Brightline targets inter-city opportunities
2017-03-13 17:15:00The company announced on March 8 that Dave Howard, ‘a veteran executive from the sports and entertainment industry’, was joining the leadership team as Chief Executive Officer for the Brightline project, while Patrick Goddard had been promoted to Chief Operating Officer. Former CEO Michael Reininger is moving to parent company Florida East Coast Industries as Executive Director with a remit to ‘lead new development and growth opportunities’.
With the first of five Siemens-built trainsets already test running from the operator’s new servicing facility at West Palm Beach and a second dispatched from its Sacramento birthplace at the end of February, Brightline is gearing up to launch passenger services between Miami, Fort Lauderdale and West Palm Beach in mid-year. Meanwhile, the related property development projects are taking shape around the three stations.
Speaking exclusively to Railway Gazette, Howard said Brightline was ‘a private passenger railroad express that solves a significant issue’, adding that ‘I see this extraordinary plan coming to reality.’ Emphasising that ‘this needs to be operated with a hospitality mindset’, Howard said he was able to bring a range of experience from the sports and entertainment sector.
Explaining that it was ‘great to bring in an executive to run the day-to-day business’, Reininger confirmed that he was now focusing on the second phase of the Brightline project. ‘Station construction in Orlando is proceeding very well’, he reported, adding that the authorisation process for the new route from there to meet the FEC main line at Cocoa was in its final stages. ‘Once we get started on right-of-way construction, the Orlando line will be done in 2½ years.’

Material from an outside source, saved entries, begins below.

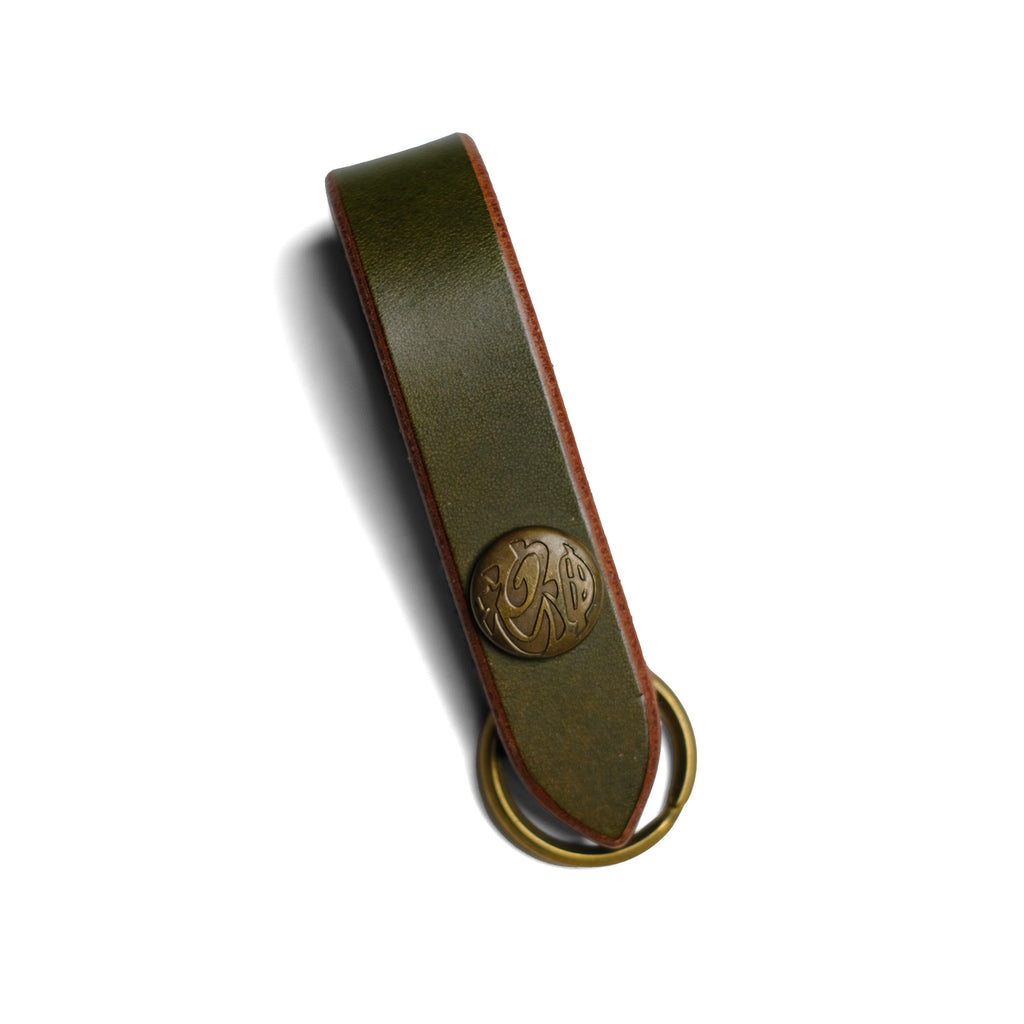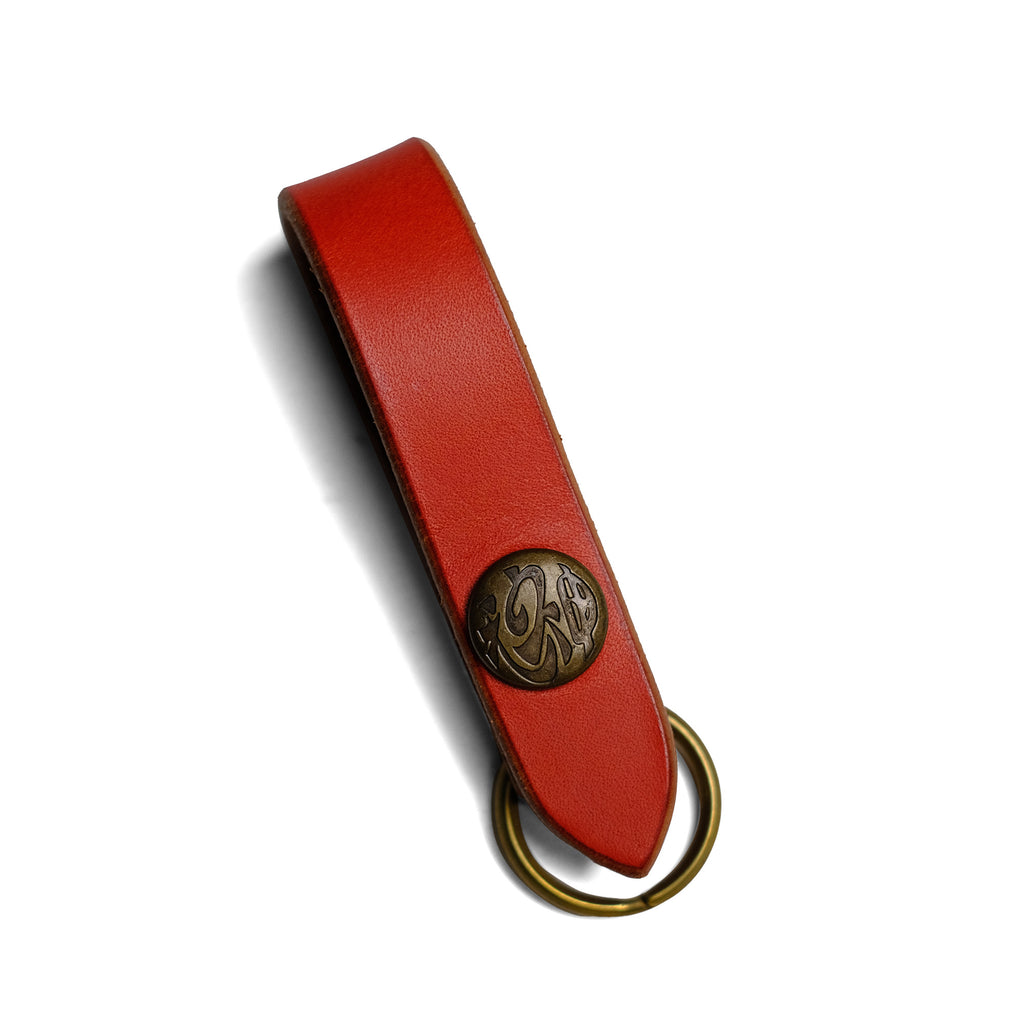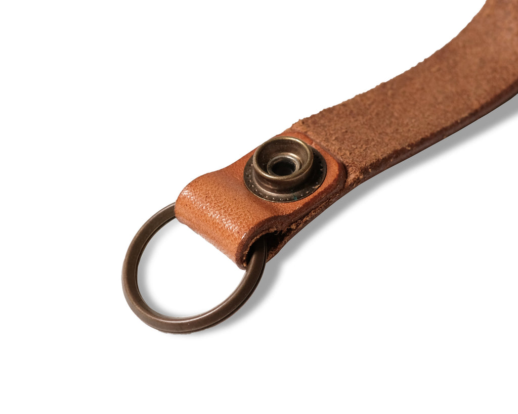 オリジナルのブラス製のホックが付いたプレーンなキーホルダーです。用途は様々でベルトに通して使用しても良し、そのままキーをぶら下げて使用しても良し。また、ウォレットロープをつないでベルトループホルダーとしても使用可能です。 ブラス製の金具は革の経年変化と共に風味を増し、独自のアイテムとなります。
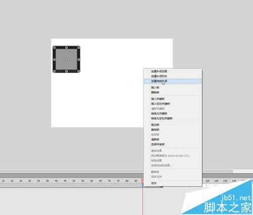 5、在關(guān)鍵幀內(nèi)創(chuàng)建補(bǔ)間動(dòng)畫(huà)(傳統(tǒng)補(bǔ)間就可以)然后早關(guān)鍵幀處將圖畫(huà)移動(dòng)到想要移動(dòng)的位置即可
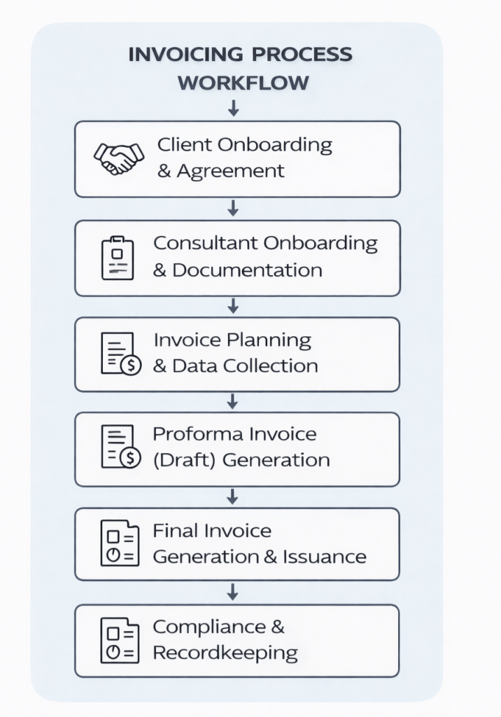 The flowchart below outlines how the invoicing workflow was designed to cover the entire process – from onboarding to compliance – rather than focusing only on invoice preparation.
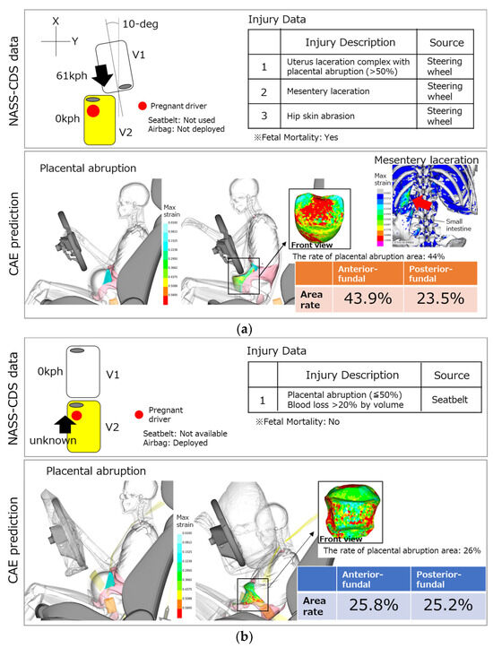 The validation results of the pregnant models with NASS-CDS: (a) Case ID 437009969; (b) Case ID 777012267.
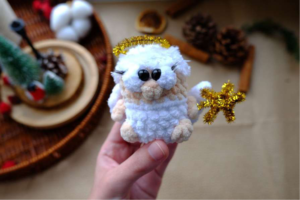- Chain a length of stitches using white yarn that is sufficient to thread through your desired “eyelets” and tie a small bow. You may need to experiment to find the perfect length for your miniature size.
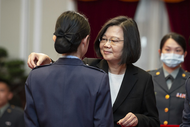 蔡英文總統今(23)日下午在總統府主持「109年三軍六校院授證、授階暨頒獎典禮」,頒發畢業證書、授階予學生代表,及頒獎表揚成績優異的畢業生,期許同學們畢業後發揮最大的信心、勇氣及專業,貢獻所長,讓守護國家安全的團隊力量,變得更強大、更堅強。
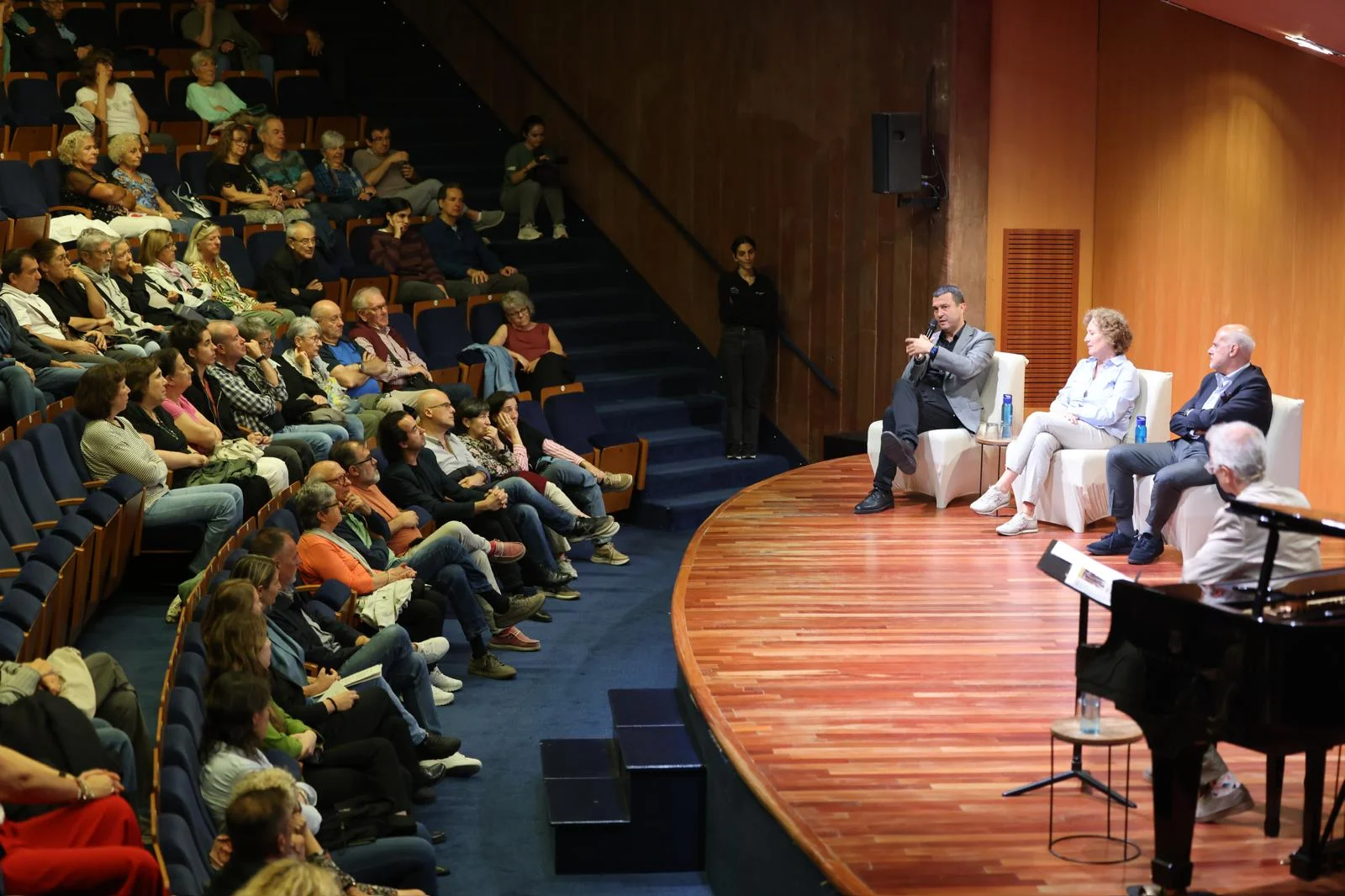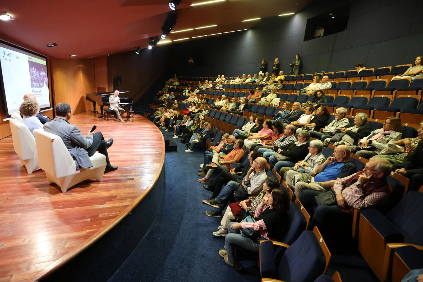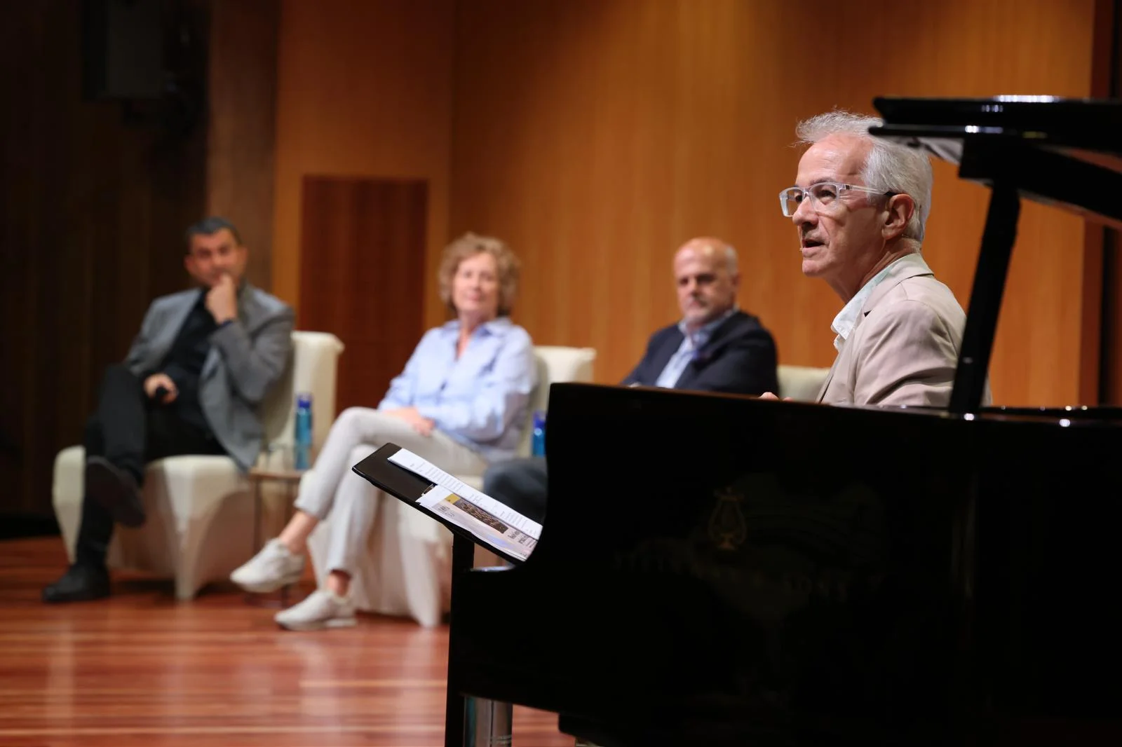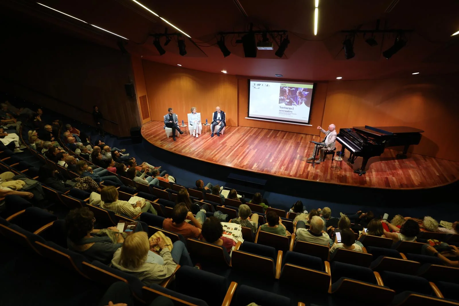 El musicòleg Xavier Chavarria va moderar l’acte, que va comptar amb la presència dels directors de les formacions residents del Teatre Auditori: Josep Vila, director de Veus – Cor Infantil Amics de la Unió i del Cor de Cambra de Granollers; Corrado Bolsi, director de l’Orquestra de Cambra de Granollers, i Anna M. Piera, gerent de l’Escola Municipal de Música de Granollers, que torna a impulsar el Cicle Carles Riera.
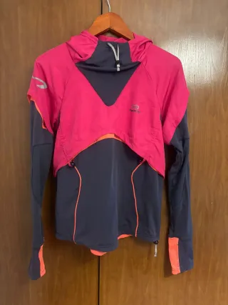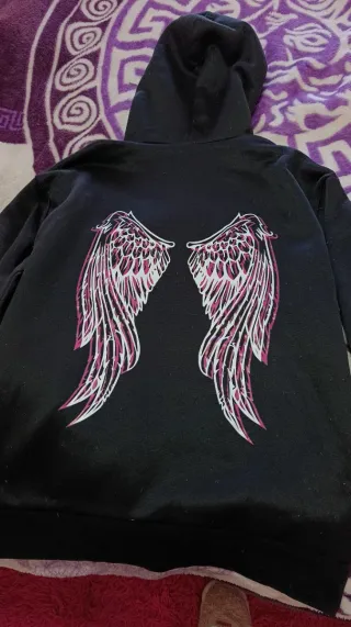 Vendo sudadera con estilo de alas con capucha. Tiene forro térmico. Talla S. 100% poliéster. La vendo por falta de uso, solo usada un par de veces.
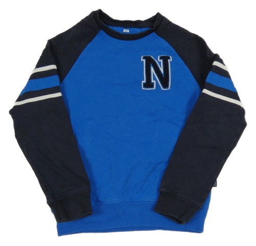 Modro-tmavomodrá mikina s písmenkom a vzorom a pruhmi we
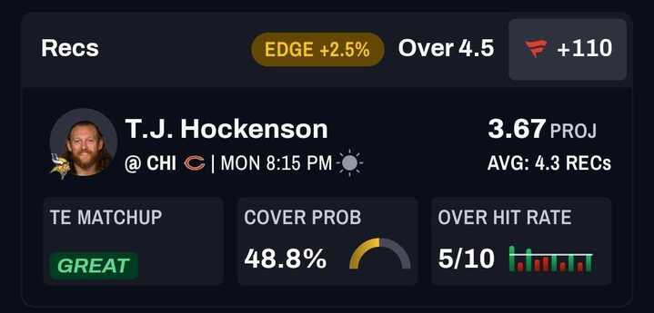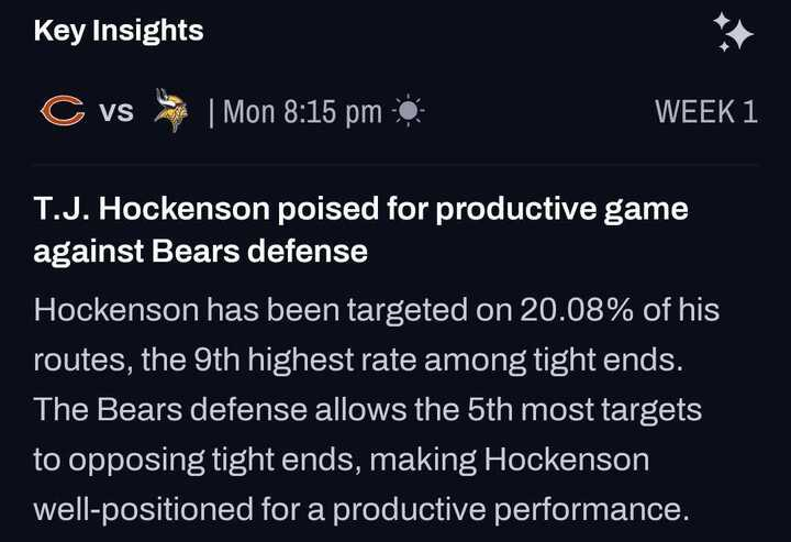 Chicago had trouble defending tight ends down the stretch last season, setting the stage for Hockenson to make a significant impact in Week 1. Over the Bears’ final five games, two tight ends recorded at least five receptions against them, while three others finished just one shy with four catches. With Jordan Addison sidelined, Hockenson could be in line for a heavy target share out of the gate.

FECI was already looking at extend the Brightline service north from Cocoa to Jacksonville and west from Orlando to Tampa. But Reininger said ‘we’re going to look beyond’, to find other potential inter-city corridors in which to replicate the rail-plus-property model. ‘Florida is not the only area where there are overcrowded roads and interstates’, he pointed out. ‘We are fulfilling our vision here in Florida, but we are not exclusively bound by the state borders. We have a belief that major cities that are 500 to 600 km apart set themselves up as prime candidates for express passenger rail, and can be made to work. We want to apply that throughout the USA.’